Every spring, meltwater fills crevasses that spider across the glacier's surface like a network of cracks in ice. Some of these crevasses drain as summer progresses; others hold their water stubbornly through the season. For years, scientists have known that timing matters enormously. When water drains through a glacier, it changes how the ice flows, can trigger ice to break apart, and sets off feedback loops that lead to faster ice loss. But they couldn't reliably predict when that drainage would happen, making it harder to model how quickly glaciers shed ice into the ocean.

Chudley's team approached the problem by linking ice mechanics directly to water movement. They used satellite imagery from the Sentinel-2 mission to track water in crevasses between 2016 and 2022, focusing especially on 2019 when satellite coverage was most complete. Rather than make educated guesses about drainage timing, they fed those observations into a convolutional neural network—an artificial intelligence tool—to map water coverage through the season and search for patterns between the mechanical forces squeezing and stretching the ice and the actual drainage of crevasse ponds.

The discovery was elegant and powerful: seasonal ice dynamics are the dominant factor controlling when crevasse meltwater drains. Specifically, when seasonal changes cause ice to stretch, crevasses can suddenly release the water they've been holding.

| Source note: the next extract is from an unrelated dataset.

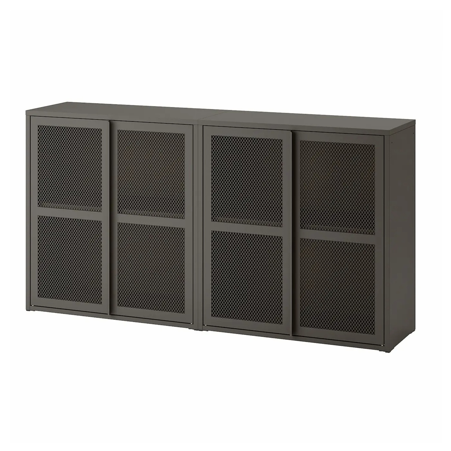 These spacious metal cabinets with mesh doors can be hung on a wall, placed on the floor or built into IVAR storage system. Fits just as well in the living room as in the kitchen or hallway.
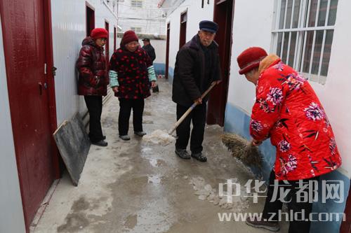 記者看到,一位老人正在用木棍敲打屋檐上垂下的“冰棍“,以免“冰棍”落下傷人,還有幾位老人在清掃剩下的一點(diǎn)點(diǎn)積雪,他們有說(shuō)有笑,很是熱鬧,場(chǎng)面煞是溫馨。

This stretching and squeezing is driven by gravity pulling the glacier downhill, by the ice sliding over subglacial water, and by how the glacier interacts with the ocean. The findings appear in AGU Advances, a peer-reviewed journal published by the American Geophysical Union.

The practical importance cannot be overstated. The Greenland Ice Sheet sheds trillions of gallons of water each year. Understanding when that drainage occurs matters not only for predicting sea-level rise, but also for modeling how the glacier slides across its bedrock and when meltwater reaches the ocean. These processes are not isolated to Store Glacier—the researchers believe their findings likely illuminate similar dynamics in other fast-flowing outlet glaciers and ice sheets worldwide.

What makes this work particularly promising is that it offers a path forward for improving how ice behavior is represented in the climate models scientists use to forecast future change. As climate models become more sophisticated, they increasingly need to account for these kinds of mechanical details. The research shows that linking satellite observations to physics-based modeling can reveal hidden patterns that simpler assumptions might miss.

Chudley and his colleagues have shown that sometimes the most powerful predictor of what ice will do is not a chemical process or a hidden variable, but something visible to the naked eye: the physical forces that squeeze and stretch the glacier with the turning of the seasons.